It was supposed to be settled last month. Until it wasn't. Then it was supposed to settled this month—as in, tonight. Until it wasn't.

And now, it seems, we'll wait until as late as May 7 to hear whether Police Chief Mike Reese is going to change his mind—officially—and defer to a citizen panel that urged him way back in December to overturn a police bureau decision not to punish a controversial cop accused of menacing his ex-wife and her new husband.

The Citizen Review Committee, tasked with hearing appeals in police misconduct cases, voted unanimously at its regular meeting tonight to set a "conference" hearing with the chief to talk about whatever decision he does arrive at.

Everyone thought that conference hearing would have happened well before March—following a January 23 letter from Reese in which he politely refused the CRC's unanimous request to sanction Officer Jason Lobaugh for his off-duty conduct.

"I believe the commander and members of the Police Review Board made a reasoned decision and that there is a rational logical connection between the recommended finding and the evidence in the record. Alternatively, I found no evidence that the basis of the recommended finding was unreasonable and find that there is sufficient evidence in the record for a reasonable fact finder to come to a finding of UNPROVEN WITH A DEBRIEFING."

But Reese wasn't invited to last month's meeting—because, it came out during a discussion on his absence, he was thinking about changing his mind.
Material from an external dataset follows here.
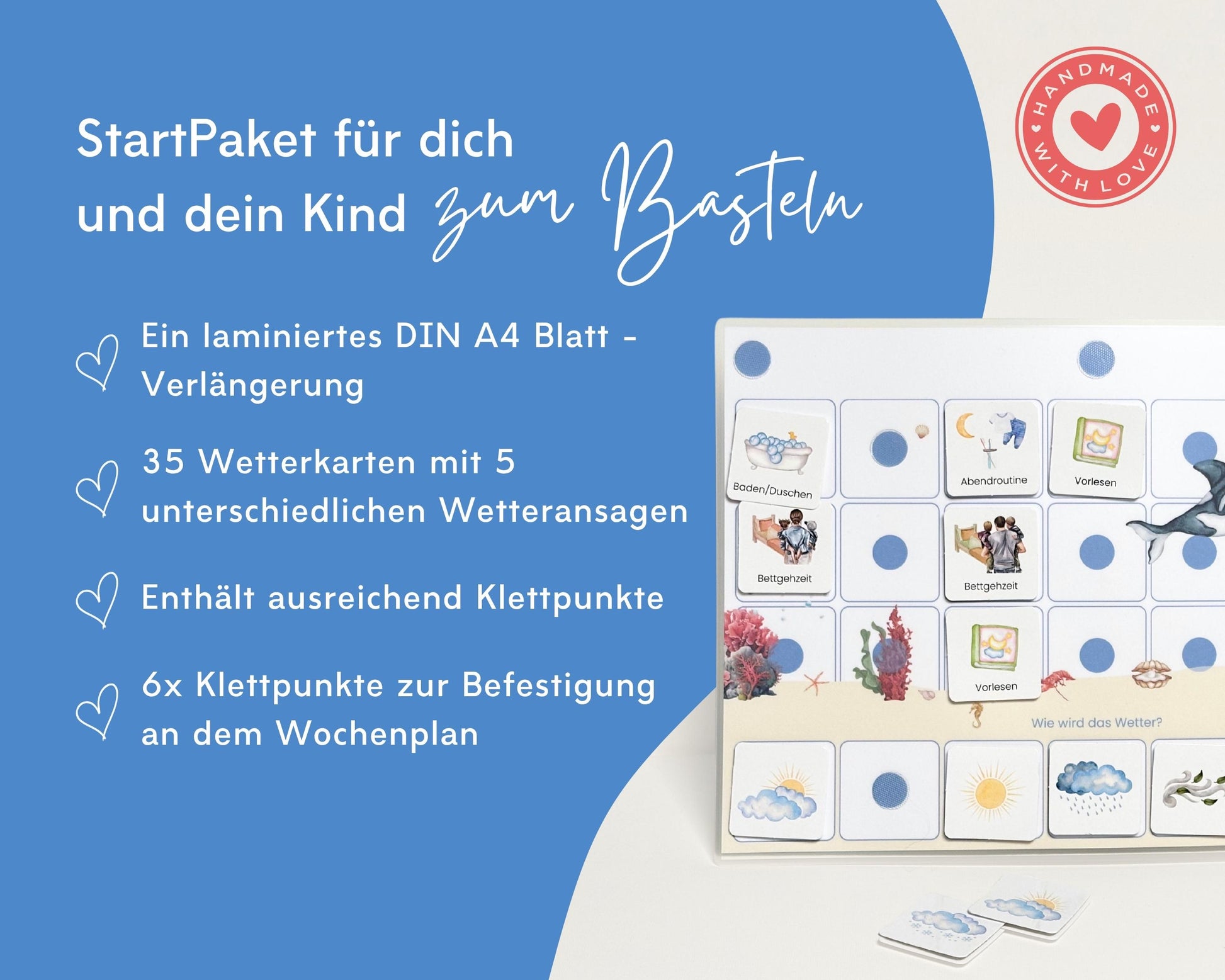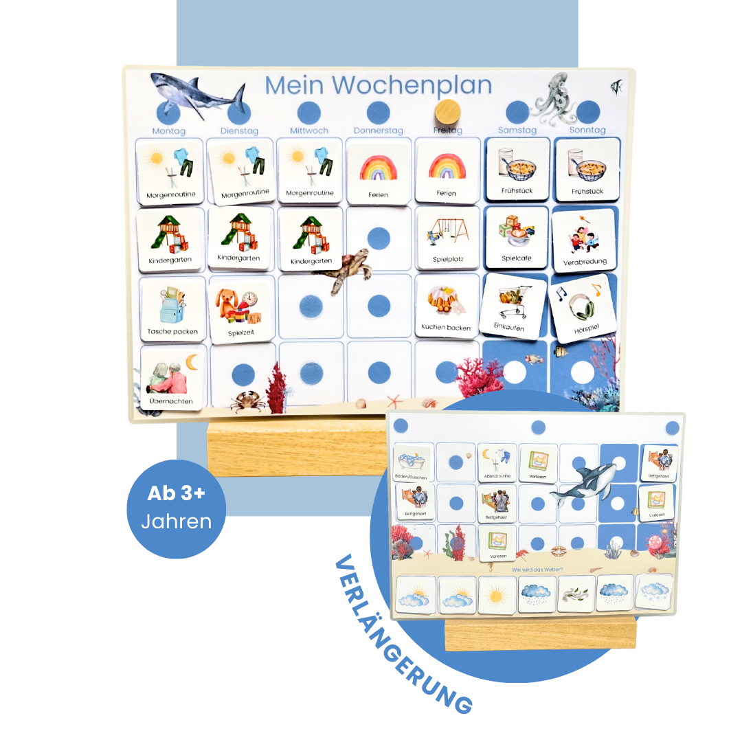 ✔ 1x laminiertes DIN A4-Blatt als Wochenplan-Verlängerung

Instead, everyone said Reese or a designee would show up tonight, and that it wouldn't take him more than another month to figure out where he stood.

"Due to complications," Constantin Severe, the director of the Independent Police Review Division, reiterated tonight, not specifying those complications, "it was pulled back."

Those complications might involve what would happen if the chief and CRC both stick to their respective positions. The appeal would head before the Portland City Council—for only the second time ever. Chiefs have been loath to let that happen. Reese and the CRC came close to a city council hearing in another appeal last year—but that was on a close vote, and one of the CRC members who'd voted to challenge the chief changed her mind during the conference hearing.

This challenge was unanimous, making the odds of a reversal incredibly long. That pressure could be why Reese is spending months and months and months with this case—at the same time as the city has been accused by the federal Department of Justice for taking far too long to adjudicate discipline.

"The chief expects to have a response prior to the committee hearing," deputy city attorney Mark Amberg said tonight.